Your task:
After finding the line with "A cute AI robot" in the entries below, retype exactly each line from there through the line with "For a shorter", including that final line.

Provided records:

---

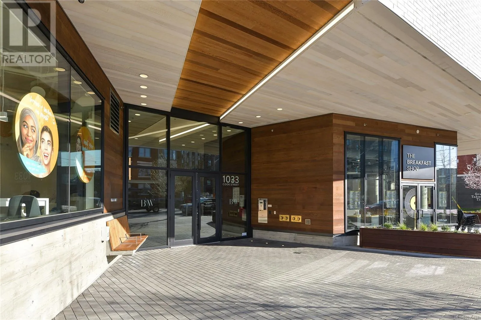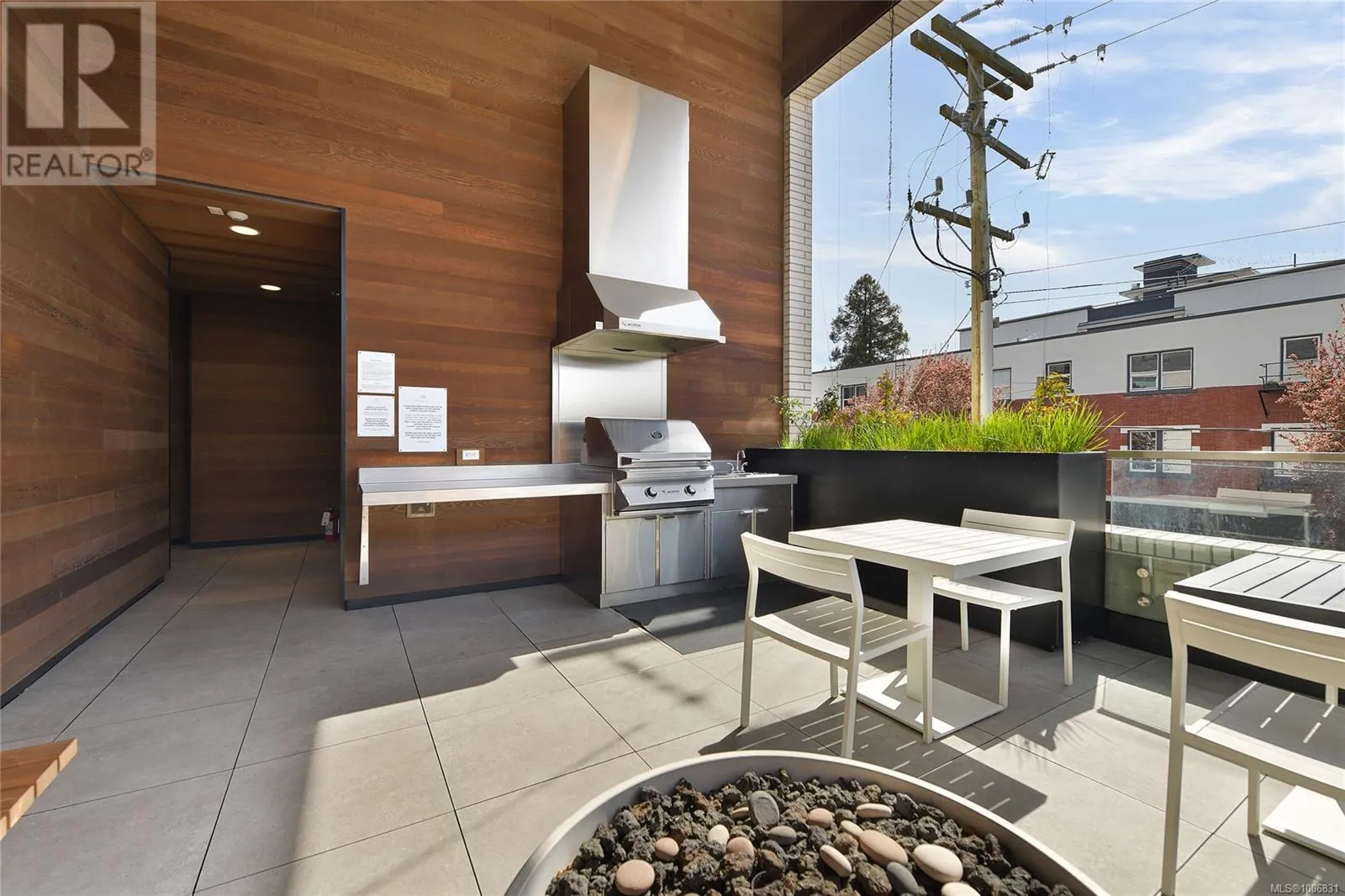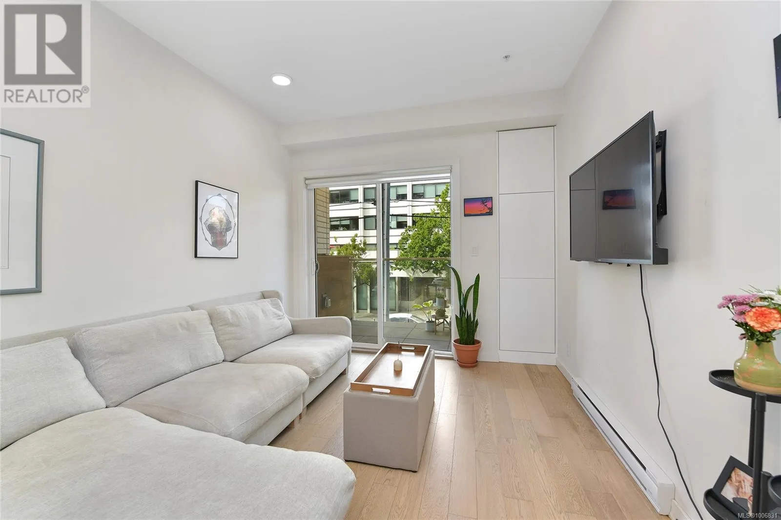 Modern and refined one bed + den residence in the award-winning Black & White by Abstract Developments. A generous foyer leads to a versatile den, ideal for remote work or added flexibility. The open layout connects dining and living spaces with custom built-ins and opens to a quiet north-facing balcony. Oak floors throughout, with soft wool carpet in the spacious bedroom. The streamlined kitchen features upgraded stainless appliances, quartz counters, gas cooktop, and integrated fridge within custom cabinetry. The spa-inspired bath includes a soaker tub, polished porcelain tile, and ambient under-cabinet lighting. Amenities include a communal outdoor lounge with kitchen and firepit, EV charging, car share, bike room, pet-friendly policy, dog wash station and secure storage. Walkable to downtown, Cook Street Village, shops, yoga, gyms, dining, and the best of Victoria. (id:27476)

---

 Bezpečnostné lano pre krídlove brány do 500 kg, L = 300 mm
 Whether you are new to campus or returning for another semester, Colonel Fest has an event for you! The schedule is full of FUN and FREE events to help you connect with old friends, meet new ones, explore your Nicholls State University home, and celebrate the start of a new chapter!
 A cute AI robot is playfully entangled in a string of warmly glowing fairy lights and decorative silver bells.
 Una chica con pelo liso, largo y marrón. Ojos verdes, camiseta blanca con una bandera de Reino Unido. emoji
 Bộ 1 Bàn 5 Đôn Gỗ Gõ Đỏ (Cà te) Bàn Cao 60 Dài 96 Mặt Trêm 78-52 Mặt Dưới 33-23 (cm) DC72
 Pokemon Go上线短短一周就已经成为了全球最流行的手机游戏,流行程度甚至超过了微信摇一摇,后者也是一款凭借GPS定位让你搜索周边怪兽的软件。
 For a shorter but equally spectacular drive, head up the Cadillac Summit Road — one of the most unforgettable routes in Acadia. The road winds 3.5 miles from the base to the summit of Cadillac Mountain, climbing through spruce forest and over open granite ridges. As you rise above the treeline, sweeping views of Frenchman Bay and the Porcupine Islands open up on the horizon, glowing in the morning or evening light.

---

Expected answer:
 A cute AI robot is playfully entangled in a string of warmly glowing fairy lights and decorative silver bells.
 Una chica con pelo liso, largo y marrón. Ojos verdes, camiseta blanca con una bandera de Reino Unido. emoji
 Bộ 1 Bàn 5 Đôn Gỗ Gõ Đỏ (Cà te) Bàn Cao 60 Dài 96 Mặt Trêm 78-52 Mặt Dưới 33-23 (cm) DC72
 Pokemon Go上线短短一周就已经成为了全球最流行的手机游戏,流行程度甚至超过了微信摇一摇,后者也是一款凭借GPS定位让你搜索周边怪兽的软件。
 For a shorter but equally spectacular drive, head up the Cadillac Summit Road — one of the most unforgettable routes in Acadia. The road winds 3.5 miles from the base to the summit of Cadillac Mountain, climbing through spruce forest and over open granite ridges. As you rise above the treeline, sweeping views of Frenchman Bay and the Porcupine Islands open up on the horizon, glowing in the morning or evening light.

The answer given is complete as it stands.